Il importe de rappeler le contexte historique qui fonde cette exigence de souveraineté. Haïti n’est pas née d’un compromis ni d’un simple transfert de pouvoir : elle est née d’une rupture radicale, d’un soulèvement sans précédent contre l’ordre colonial et l’esclavage. L’indépendance de 1804 n’a pas seulement libéré un territoire ; elle a instauré un principe, un pacte moral, une ligne de conduite. Elle a inscrit dans la chair de la nation l’idée que la liberté ne se négocie pas, que la dignité ne se délègue pas et que la souveraineté exige une vigilance de tout instant.
C’est cette mémoire fondatrice qui rend les choix actuels d’autant plus inacceptables. Dans un pays qui a arraché sa liberté au prix du sang, toute orientation politique ouvrant la voie à une tutelle, même déguisée, prend la dimension d’une trahison symbolique. Elle rompt avec l’héritage de Dessalines, l’esprit de 1804 et la promesse faite aux générations futures de ne jamais retomber sous l’emprise d’intérêts extérieurs.
En ce sens, les options de Fils-Aimé s’inscrivent à rebours de l’histoire même qui a donné naissance à la nation. Elles affaiblissent la souveraineté au moment où elle devrait être défendue avec la plus grande fermeté. Elles brouillent la ligne de rupture que le peuple haïtien a tracée dès sa naissance et dont chaque génération a la responsabilité de maintenir vivante.

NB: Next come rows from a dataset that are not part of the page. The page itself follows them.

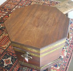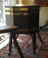 LOT 164 Georgian Brass Banded Mahogany Cellarette with Brass Drain Spigot, 27 7/8 x 20 1/4 x 20 1/4". Estimate: $300 - $500 Sold For: $500 Auction Date: Tuesday, June 17 2025 at 4:00 PM
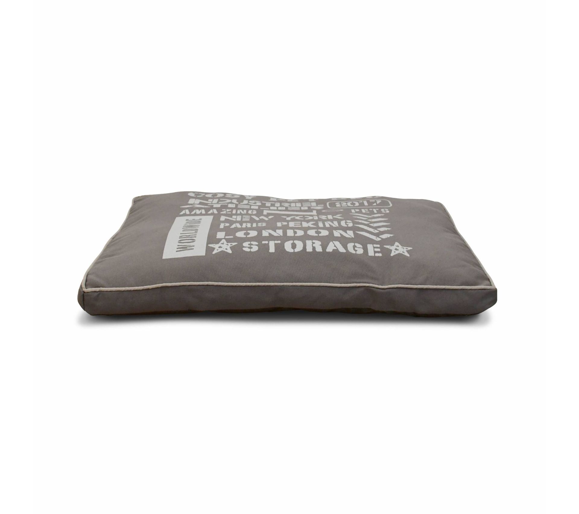 coussin rectangulaire gris entierement dehoussable avec noms de villes pour chien moyen 79x57x8 cm but
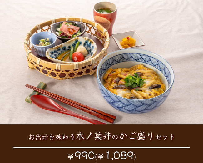 ・お出汁を味わう木ノ葉丼のかご盛りセット 990円(税込み1,089円)
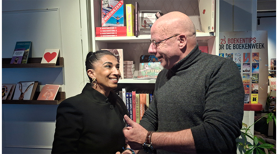 Hans Peter Klazenga en Nita Graafland vanochtend vroeg in boekhandel Chapter in de Wielemakersslop. "Respect voor haar drive en inzet", aldus HP. "Dit is kenmerkend voor een lokale partij",

Ainsi, Fils-Aimé ne met pas seulement en péril une transition ; il touche aux fondements symboliques et historiques qui assurent la verticalité d’un peuple. Ce n’est pas simplement une orientation discutable : c’est une compromission avec les forces qui fragilisent la nation, au moment précis où elle a besoin de clarté, de courage et d’un engagement sans équivoque envers la souveraineté.
La légitimité populaire comme ultime rempart
Le peuple haïtien, les patriotes et le camp progressiste prennent acte de cette dérive qui met en péril notre souveraineté et notre avenir collectif. Et nous le proclamons avec force : la seule légitimité pour décider du destin, des institutions et de l’avenir d’Haïti appartient au peuple haïtien, et à lui seul.

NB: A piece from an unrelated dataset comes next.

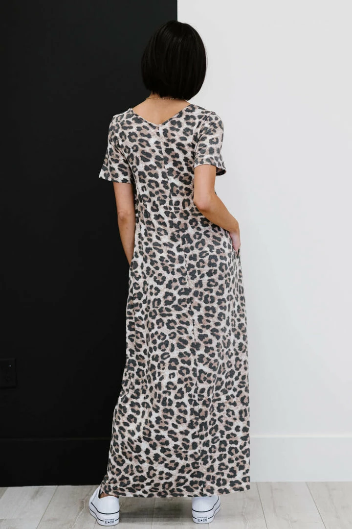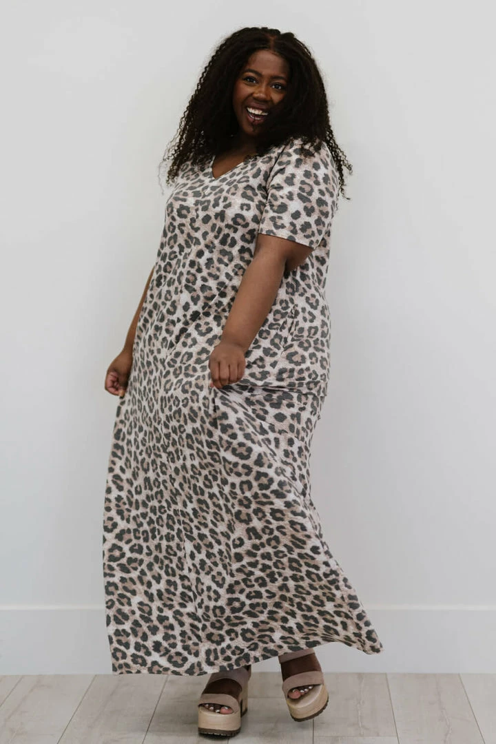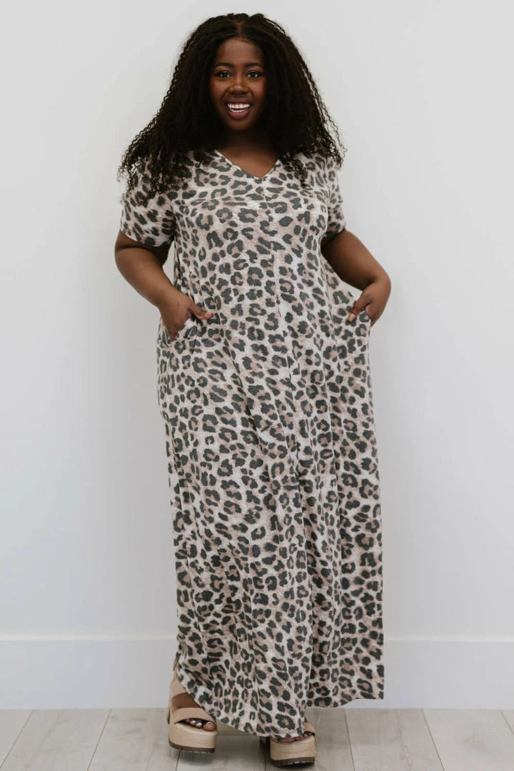 Bring out your wild side with this modern and casual leopard print maxi dress! The flattering v-neck and v-back design add shape to the ultra-flowy silhouette. The dress features pockets and touchable soft and stretchy fabric.

Toute tentative de contourner cette légitimité, de la confisquer ou de la subordonner à des intérêts étrangers sera dénoncée pour ce qu’elle est : une trahison de l’histoire qui nous a façonnés et une remise en cause de notre droit inaliénable à l’autodétermination.
Appel à la vigilance et à la mobilisation
C’est pourquoi nous appelons chaque citoyenne et chaque citoyen, chaque organisation, chaque conscience éveillée à se tenir debout, à refuser la résignation, la peur et la confiscation de notre avenir. Nous appelons à la vigilance, à la lucidité et à la mobilisation démocratique et populaire. Car la souveraineté n’est pas un mot ancien : c’est un combat vivant, un devoir partagé, une responsabilité historique.
Nous le disons avec la fermeté que commande l’heure : Haïti ne sera pas gouvernée par procuration. Nous refusons toute tutelle, ouverte ou déguisée. Nous refusons toute transition imposée. Nous refusons toute confiscation de la volonté populaire.
L’avenir d’Haïti ne se négocie pas dans des chancelleries. Il ne se décide pas dans des bureaux fermés. Il ne se dicte pas de l’extérieur. Il se construit ici, par nous, avec nous, pour nous.